Inflating the endotracheal cuff at the correct pressure is the main precaution in preventing complications such as tracheal stenosis. Cuff manometers are manual or automatic devices that measure pressure in endotracheal tube (ETT) or laryngeal mask airway (LMA) cuffs, and some may operate to maintain pressure at a certain level for extended periods of time. However, it is not always possible to understand that the endotracheal cuff is inflated at the correct pressure due to operating room insufficiencies. Not every operating room has a cuff manometer, and various manual techniques are used by anesthesiologists to inflate the endotracheal cuff without a cuff manometer. One of these techniques is the palpation technique applied by experienced anesthesiologists. However, this technique is known to have a high rate of errors. It has been shown that professional experience does not contribute to achieving the correct cuff pressure without pressure monitoring. Another technique is the "loss of resistance syringe technique". It aims to equalize the endotracheal cuff pressure to the tracheal lateral wall pressure by releasing the syringe piston after inflating the endotracheal cuff with a loss of resistance syringe, allowing the air pressure inside the cuff to push the syringe piston passively. This technique has been used previously in adult patients and has been proposed as an economical and easily accessible method for inflating the endotracheal cuff. There is no study in the literature on the use of this technique in pediatric patients.

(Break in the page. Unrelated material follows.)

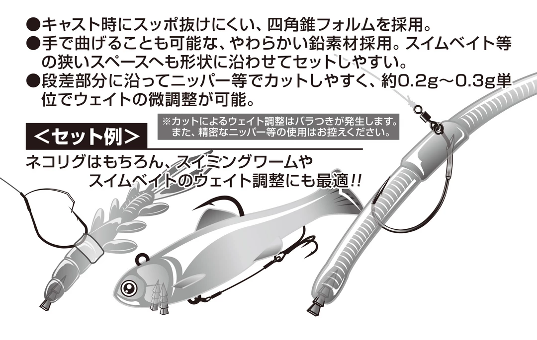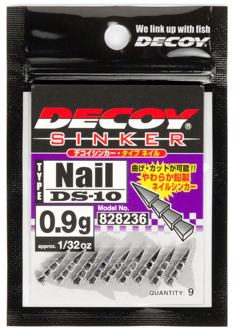 An excellent tool to quickly and easily customize your favorite soft plastic. The Decoy Nail Sinkers are the perfect way to adjust your baits rate or orientation of fall. Not only are they ideal for pairing with your preferred Neko and Wacky worms, but they are also a smart way to change your swimbait’s rate of fall or simply balance them. You can also add the Nail Sinkers to fluke-style baits, paddle tails, and other plastics to give them a nose-down feeding presentation that bass find irresistible. Designed with a sharp point for easy insertion and hard ridges to prevent them from flinging out on the cast, the Decoy Nail Sinkers should always be on hand for rapid adjustments to your plastics on the water.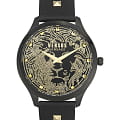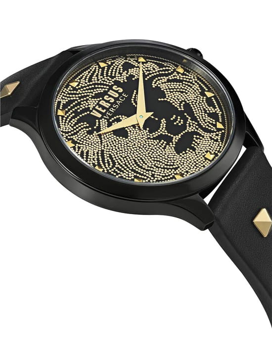 На запястье эти массивные дизайнерские часы смотрятся эффектно, стильно и завораживающе. Они надолго приковывают внимание окружающих. Дизайнерские часы Domus с круглым черным корпусом. Циферблат украшен изящным изображением головы льва. Рифленая заводная головка. Кожаный ремешок декорирован металлическими заклепками.

In this study, investigators aimed to find out whether the resistance loss syringe technique is useful when adjusting the endotracheal cuff pressure in pediatric patients. Secondary aim of the study is to evaluate the measurements of two different manometers and to determine the margin of safety between the two manometers.

Benefit from research; the aim is to facilitate the inflation of the endotracheal cuffs of pediatric patients intubated under general anesthesia at the correct pressure and to prevent possible complications. The study does not have any risks other than possible general anesthesia risks.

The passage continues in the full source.